MATERIAL PROVIDED
*** Block opens ***
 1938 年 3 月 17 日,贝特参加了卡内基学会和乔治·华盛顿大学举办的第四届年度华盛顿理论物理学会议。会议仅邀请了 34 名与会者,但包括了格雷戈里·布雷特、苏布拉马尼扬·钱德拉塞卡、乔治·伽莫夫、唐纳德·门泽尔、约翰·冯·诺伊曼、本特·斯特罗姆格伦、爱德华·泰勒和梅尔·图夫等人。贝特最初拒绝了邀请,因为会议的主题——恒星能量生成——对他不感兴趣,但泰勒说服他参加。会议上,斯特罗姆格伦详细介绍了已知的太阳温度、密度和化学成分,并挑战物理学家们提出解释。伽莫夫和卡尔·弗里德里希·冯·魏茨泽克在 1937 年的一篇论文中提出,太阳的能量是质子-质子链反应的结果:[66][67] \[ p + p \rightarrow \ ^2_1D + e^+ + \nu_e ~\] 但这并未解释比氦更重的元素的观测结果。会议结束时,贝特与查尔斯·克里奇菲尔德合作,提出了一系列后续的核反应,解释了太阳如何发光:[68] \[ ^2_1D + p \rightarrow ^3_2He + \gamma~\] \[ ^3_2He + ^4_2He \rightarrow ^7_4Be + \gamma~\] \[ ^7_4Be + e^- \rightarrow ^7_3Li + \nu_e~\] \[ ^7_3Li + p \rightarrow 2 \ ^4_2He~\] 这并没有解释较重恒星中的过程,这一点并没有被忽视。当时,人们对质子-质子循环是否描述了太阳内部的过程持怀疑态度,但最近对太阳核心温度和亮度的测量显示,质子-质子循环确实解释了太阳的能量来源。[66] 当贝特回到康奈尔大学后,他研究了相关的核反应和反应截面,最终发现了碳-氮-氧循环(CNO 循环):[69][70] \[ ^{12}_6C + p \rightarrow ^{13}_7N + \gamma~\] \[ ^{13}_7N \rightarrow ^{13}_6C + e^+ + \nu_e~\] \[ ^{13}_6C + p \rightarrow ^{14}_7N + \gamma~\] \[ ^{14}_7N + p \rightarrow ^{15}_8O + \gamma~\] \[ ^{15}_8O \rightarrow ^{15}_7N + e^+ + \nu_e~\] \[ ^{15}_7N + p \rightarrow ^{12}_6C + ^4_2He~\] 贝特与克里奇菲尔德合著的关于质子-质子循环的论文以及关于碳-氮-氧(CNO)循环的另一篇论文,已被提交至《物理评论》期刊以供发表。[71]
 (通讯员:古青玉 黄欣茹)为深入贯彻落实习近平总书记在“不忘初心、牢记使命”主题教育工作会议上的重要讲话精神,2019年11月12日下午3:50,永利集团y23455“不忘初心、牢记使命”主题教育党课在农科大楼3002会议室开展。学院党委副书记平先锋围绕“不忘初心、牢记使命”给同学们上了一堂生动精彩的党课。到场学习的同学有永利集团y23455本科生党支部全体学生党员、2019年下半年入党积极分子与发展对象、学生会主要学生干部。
*** Block closes ***
*** Block opens ***
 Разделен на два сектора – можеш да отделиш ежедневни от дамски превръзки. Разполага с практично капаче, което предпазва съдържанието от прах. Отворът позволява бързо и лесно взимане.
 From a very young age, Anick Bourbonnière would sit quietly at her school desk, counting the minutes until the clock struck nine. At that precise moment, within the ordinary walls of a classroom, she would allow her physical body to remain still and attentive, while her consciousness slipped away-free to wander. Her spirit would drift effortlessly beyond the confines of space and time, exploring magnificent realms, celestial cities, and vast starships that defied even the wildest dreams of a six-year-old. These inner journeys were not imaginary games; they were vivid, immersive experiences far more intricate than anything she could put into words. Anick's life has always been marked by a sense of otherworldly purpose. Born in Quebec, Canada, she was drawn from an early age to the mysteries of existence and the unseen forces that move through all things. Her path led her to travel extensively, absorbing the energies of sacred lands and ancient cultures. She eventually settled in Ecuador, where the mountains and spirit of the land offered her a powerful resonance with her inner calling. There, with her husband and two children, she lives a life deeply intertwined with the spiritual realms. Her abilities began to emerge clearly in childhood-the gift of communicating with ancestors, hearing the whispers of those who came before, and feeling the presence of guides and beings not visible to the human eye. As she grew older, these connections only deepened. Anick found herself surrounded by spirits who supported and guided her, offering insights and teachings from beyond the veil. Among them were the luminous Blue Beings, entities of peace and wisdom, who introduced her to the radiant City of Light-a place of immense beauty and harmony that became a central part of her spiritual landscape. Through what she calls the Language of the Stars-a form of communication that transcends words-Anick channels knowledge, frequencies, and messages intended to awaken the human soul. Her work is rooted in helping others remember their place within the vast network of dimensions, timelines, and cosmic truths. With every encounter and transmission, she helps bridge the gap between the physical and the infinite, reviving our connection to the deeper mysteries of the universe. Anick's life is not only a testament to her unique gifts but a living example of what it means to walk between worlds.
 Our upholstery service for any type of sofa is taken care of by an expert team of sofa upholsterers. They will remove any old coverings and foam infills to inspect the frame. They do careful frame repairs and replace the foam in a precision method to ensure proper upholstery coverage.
*** Block closes ***
WHAT THE TASK REQUIRES
Restate word for word the lines of the data above, starting at the line containing "1938 年 3 月 17" and ending at the line containing "(通讯员:古青玉 黄欣茹)为", both included, and nothing more.

SOLUTION FOR THIS PROBLEM
 1938 年 3 月 17 日,贝特参加了卡内基学会和乔治·华盛顿大学举办的第四届年度华盛顿理论物理学会议。会议仅邀请了 34 名与会者,但包括了格雷戈里·布雷特、苏布拉马尼扬·钱德拉塞卡、乔治·伽莫夫、唐纳德·门泽尔、约翰·冯·诺伊曼、本特·斯特罗姆格伦、爱德华·泰勒和梅尔·图夫等人。贝特最初拒绝了邀请,因为会议的主题——恒星能量生成——对他不感兴趣,但泰勒说服他参加。会议上,斯特罗姆格伦详细介绍了已知的太阳温度、密度和化学成分,并挑战物理学家们提出解释。伽莫夫和卡尔·弗里德里希·冯·魏茨泽克在 1937 年的一篇论文中提出,太阳的能量是质子-质子链反应的结果:[66][67] \[ p + p \rightarrow \ ^2_1D + e^+ + \nu_e ~\] 但这并未解释比氦更重的元素的观测结果。会议结束时,贝特与查尔斯·克里奇菲尔德合作,提出了一系列后续的核反应,解释了太阳如何发光:[68] \[ ^2_1D + p \rightarrow ^3_2He + \gamma~\] \[ ^3_2He + ^4_2He \rightarrow ^7_4Be + \gamma~\] \[ ^7_4Be + e^- \rightarrow ^7_3Li + \nu_e~\] \[ ^7_3Li + p \rightarrow 2 \ ^4_2He~\] 这并没有解释较重恒星中的过程,这一点并没有被忽视。当时,人们对质子-质子循环是否描述了太阳内部的过程持怀疑态度,但最近对太阳核心温度和亮度的测量显示,质子-质子循环确实解释了太阳的能量来源。[66] 当贝特回到康奈尔大学后,他研究了相关的核反应和反应截面,最终发现了碳-氮-氧循环(CNO 循环):[69][70] \[ ^{12}_6C + p \rightarrow ^{13}_7N + \gamma~\] \[ ^{13}_7N \rightarrow ^{13}_6C + e^+ + \nu_e~\] \[ ^{13}_6C + p \rightarrow ^{14}_7N + \gamma~\] \[ ^{14}_7N + p \rightarrow ^{15}_8O + \gamma~\] \[ ^{15}_8O \rightarrow ^{15}_7N + e^+ + \nu_e~\] \[ ^{15}_7N + p \rightarrow ^{12}_6C + ^4_2He~\] 贝特与克里奇菲尔德合著的关于质子-质子循环的论文以及关于碳-氮-氧(CNO)循环的另一篇论文,已被提交至《物理评论》期刊以供发表。[71]
 (通讯员:古青玉 黄欣茹)为深入贯彻落实习近平总书记在“不忘初心、牢记使命”主题教育工作会议上的重要讲话精神,2019年11月12日下午3:50,永利集团y23455“不忘初心、牢记使命”主题教育党课在农科大楼3002会议室开展。学院党委副书记平先锋围绕“不忘初心、牢记使命”给同学们上了一堂生动精彩的党课。到场学习的同学有永利集团y23455本科生党支部全体学生党员、2019年下半年入党积极分子与发展对象、学生会主要学生干部。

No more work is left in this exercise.